10
25 Januari 1913.
10. Adres van de heeren E. L. F. Bolomeij, directeur
der Ginnekensche tramwegmaatschappij, J. II. Bouman,
directeur der tramwegmaatschappij BredaMastbosch
en F. J. H. van Wessem, administrateur der Zuid-
Nederlandsche stoomtramwegmaatschappij, verzoe
kende spoedig eene beslissing te willen nemen op de
ingediende verzoeken om verlenging van concessie
voor de bestaande paardentrams, welke concession
op 31 December e.k. eindigen.
De voorzittter stelt voor, dit adres eveneens
te verzenden naar burgemeester en wethouders om
prae-advies.
De heer VAN HULTEN wenscht het adres aan
te houden tot de volgende vergadering, ten einde
burgemeester en wethouders in de gelegenheid te
stellen van advies te dienen. De zaak eischt dringend
eene spoedige afdoening.
De voorzitter kan geene toezegging doen, dat
het advies reeds in de volgende vergadering kan
gegeven worden. Bovendien is het adres niet juist.
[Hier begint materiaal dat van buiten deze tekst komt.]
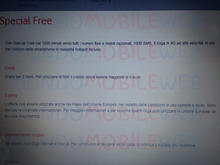 La promozione Special Free prevede 1000 minuti verso tutti, 1000 SMS verso tutti e 5 Giga di internet in 4G ogni mese, il tutto in maniera totalmente gratuita per 2 mesi dall’attivazione, poi si disattiva automaticamente senza costi aggiuntivi. Per poter usufruire dell’offerta, la SIM deve avere comunque un credito residuo maggiore di 0 euro.

Alleen is bij de commissie voor de tramzaken een
schrijven ingekomen van de tramwegmaatschappij
BredaMastbosch om verlenging van concessie.
De heer VAN HULTEN herinnert er aan, dat de
tramcommissie al zoolang bestaat, maar tot dusver
niets van zich liet hooren.
De voorzitter zegt, dat nog steeds gewacht
wordt op de beslissing van de provincie in zake de
electrische centrale. Eerst was er sprake van, dat
die beslissing in de najaarszitting zou zijn gevallen.